Consider this timing: American Axle & Manufacturing (NYSE:AXL) ended a strike by persuading workers to accept a contract that includes significant pay cuts. A month later, management announced its decision to give bonuses to executives, including a multimillion-dollar award for the CEO.

After the markets close on Fridays is always a time when you'll find companies trying to slip by some news that they'd rather people didn't notice, and American Axle didn't disappoint. The parts supplier whose strike caused its largest customer, General Motors (NYSE:GM), to idle around 30 plants because of parts shortages, filed a notice with the SEC on Friday that it had granted lavish bonuses to its top executives, including $8.5 million for CEO Richard Dauch.

Strip away the corporate legalese, and management's essentially saying that it postponed the bonuses because it didn't want to be forthright in giving away millions of dollars to executives at the same time the guys on the shop floor were being forced to take pay cuts. And when you're giving away as much as American Axle did here, you sure as heck want as few people as possible knowing about it.

In contrast, the contract the workers got stuck with includes cuts that slashed most of their wages from $28 an hour to somewhere between $14.35 to $18.50. One of the primary reasons the deal got done was because GM kicked in $18 million on top of the $200 million American Axle was contributing for buyouts and such.

I wonder if GM CEO Rick Wagoner knew that at a time when his company is losing its place amid the top of the auto world to Toyota (NYSE:TM), and his company sits within striking range of bankruptcy along with Ford (NYSE:F), his cash infusion would fund sumptuous bonuses for American Axle's management.

Don't get me wrong, I'm not a particularly strong fan of unions; I believe they have been a large part of what has led to manufacturing's decline in this country. Moreover, I'm also not in favor of imposing caps on management salaries, nor having politicians determine what is appropriate compensation for executives. When Countrywide Financial's (NYSE:CFC) Angelo Mozilo was hauled before Congress recently to answer about his pay, I said he had nothing to apologize for to the politicians, even if shareholders were owed a lengthy explanation. In fact, it's ultimately for shareholders to decide what management gets paid, if only they would take their ownership stakes more seriously and vote their proxy statements accordingly.

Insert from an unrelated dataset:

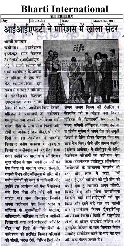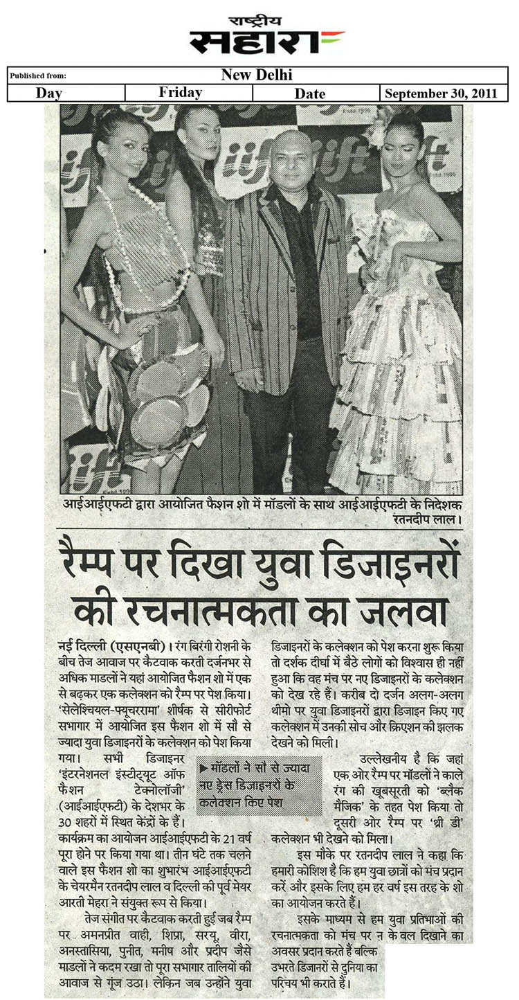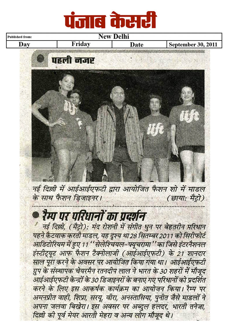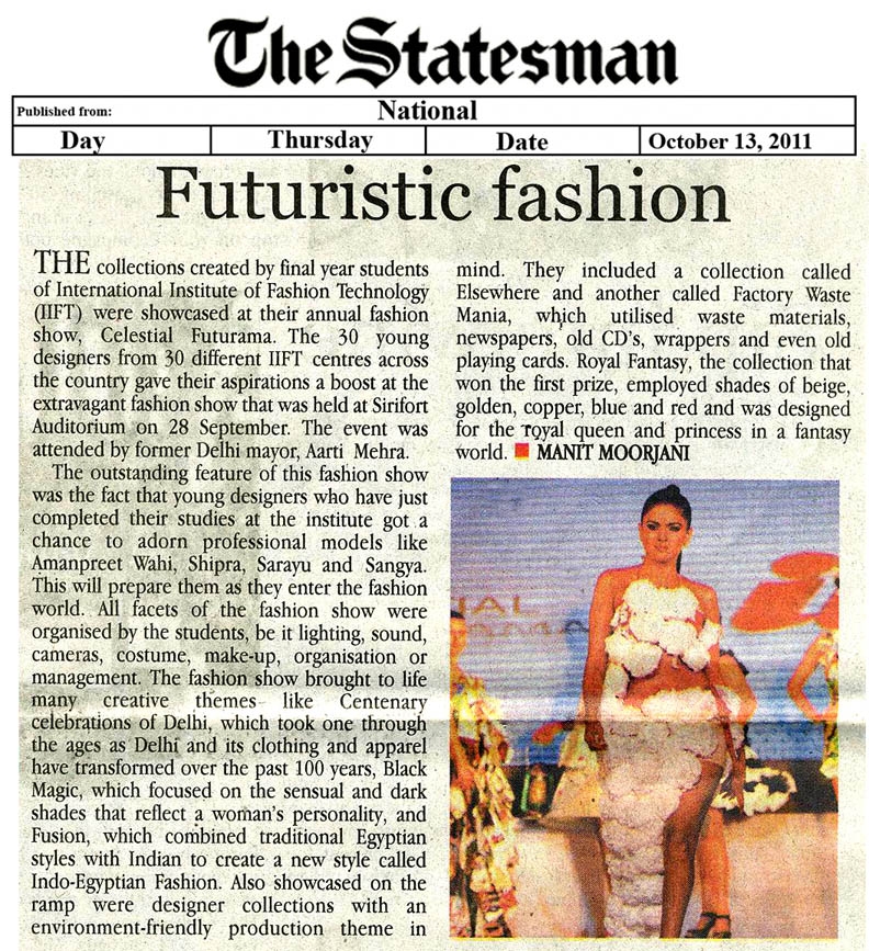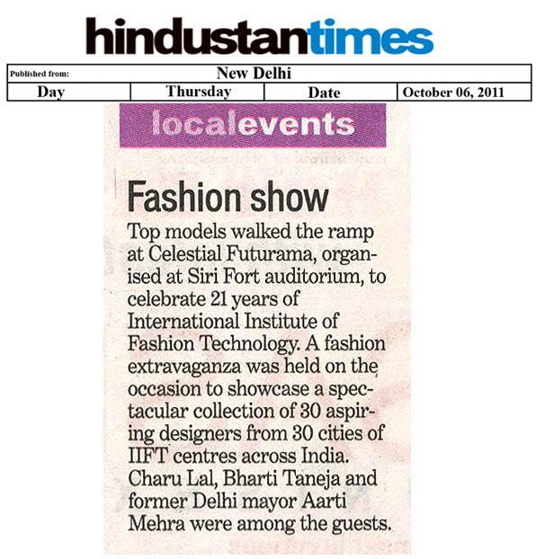 Sr Manager IIFT Group- Prateel Lal was judged Best Fashion Student award by Indian Federation of Fashion Development (IFFD) in India Fashion Summit, Aug 2012 New Delhi |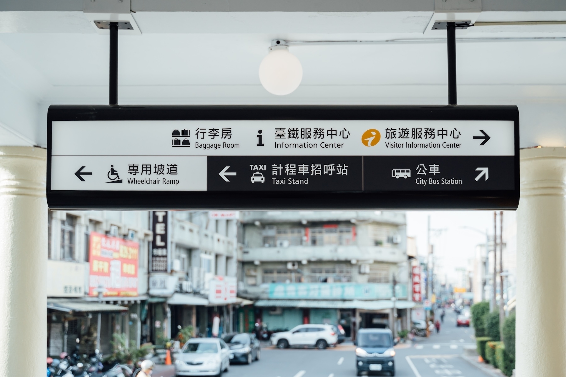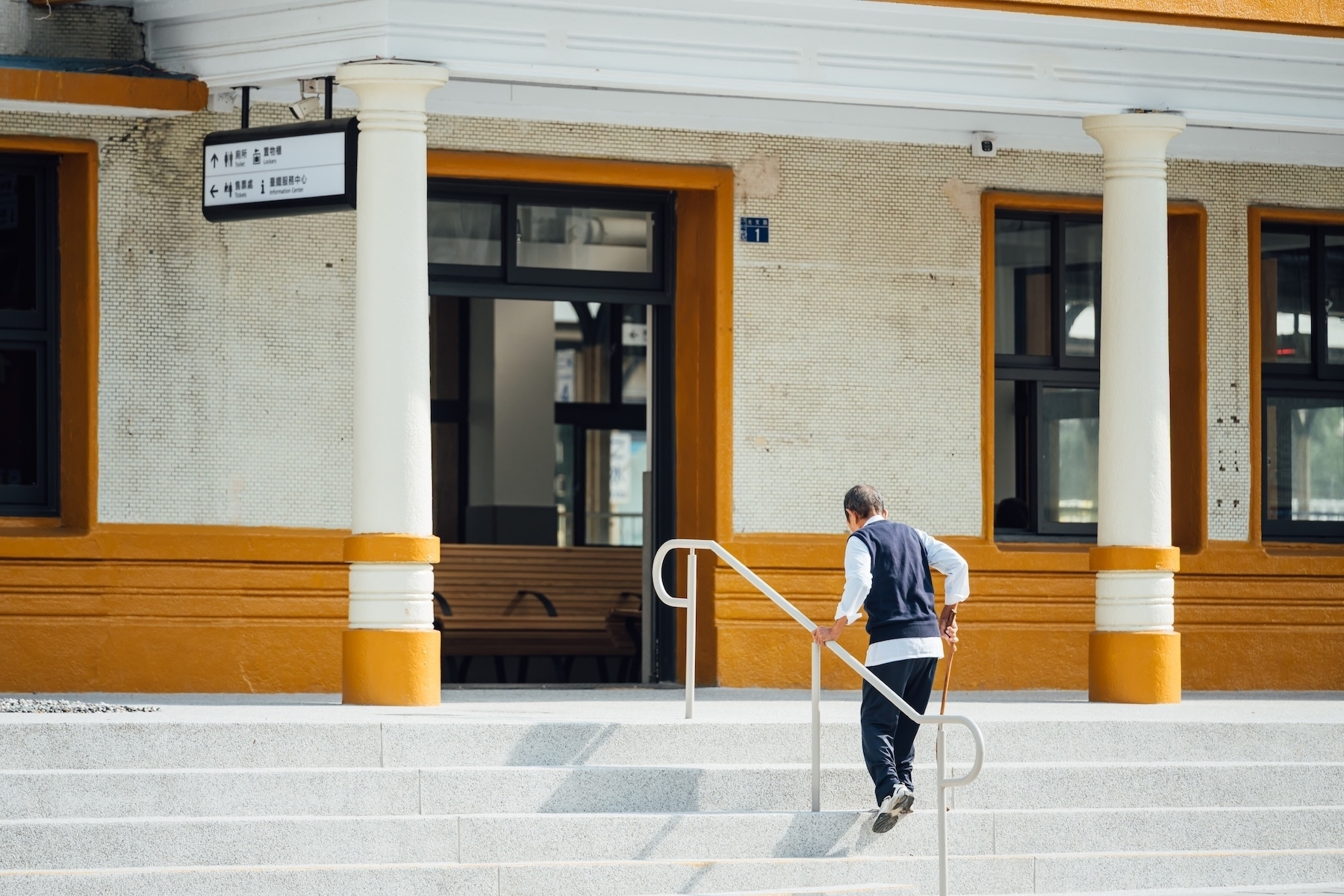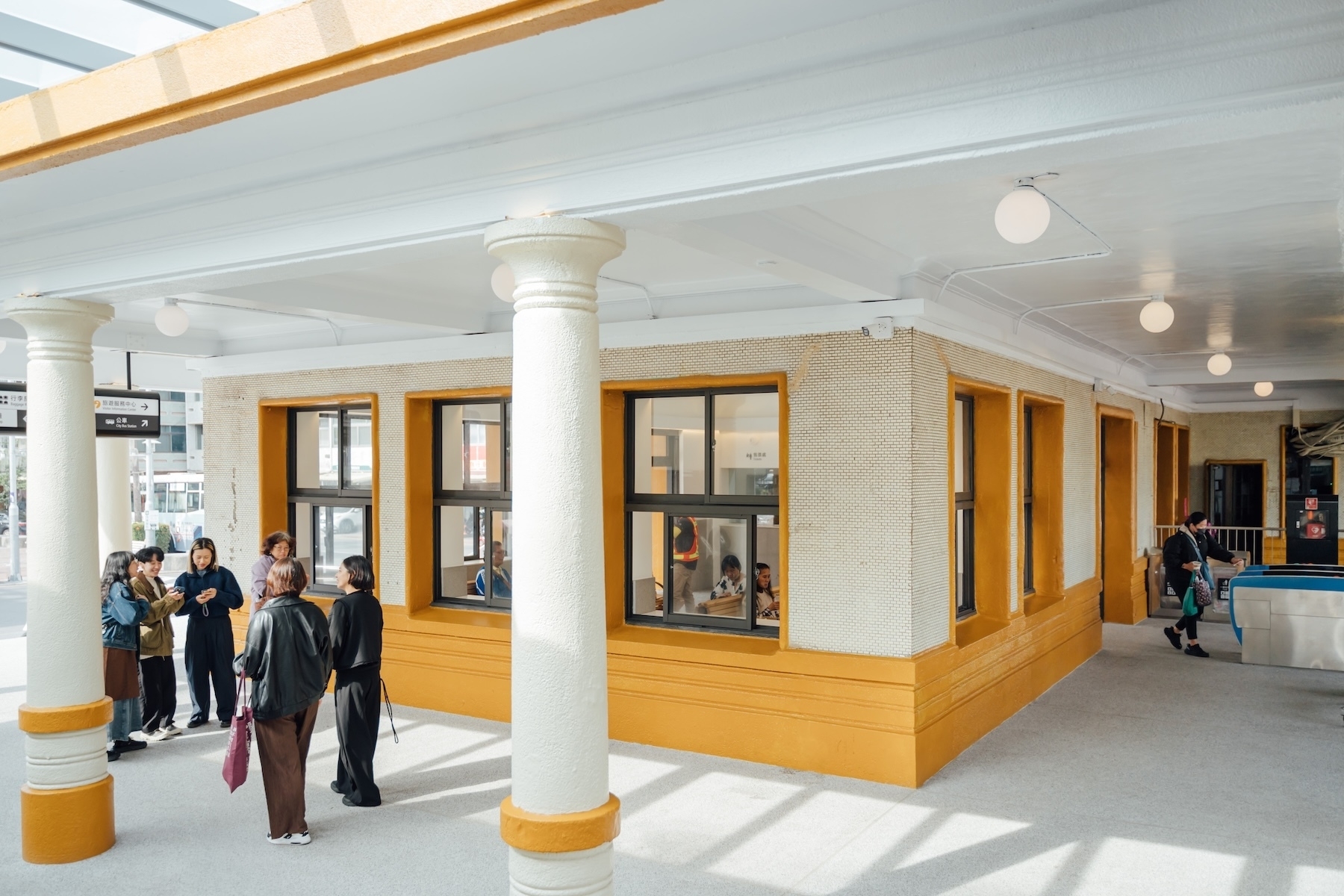 建築立面原有的 ATM 機、公告欄與地面的花圃,也被重新調整配置。這樣的「減法」不只是視覺簡化,更回應實際使用需求:讓輪椅族、拖行李的旅客,以及牽行或騎乘腳踏車進出站體的使用者,都能享有更順暢、安全的通行動線,同時也還給車站一個寬敞、舒適的入口門面。

Yet when management goes into negotiations with its unions hat-in-hand, and imposes drastic pay cuts on line workers -- most of whom don't have the luxury of company-paid-for cars, meals, and personal umbrella insurance policies -- it galls at the sense of fairness. The company said the bonuses, to Dauch in particular, were because of leadership during the often acrimonious strike with the union. Well, that's what a CEO is supposed to be doing.

This is no way to run a railroad or a car-parts supplier, and shareholders ought to remember this when it's time to reelect directors at the next annual meeting.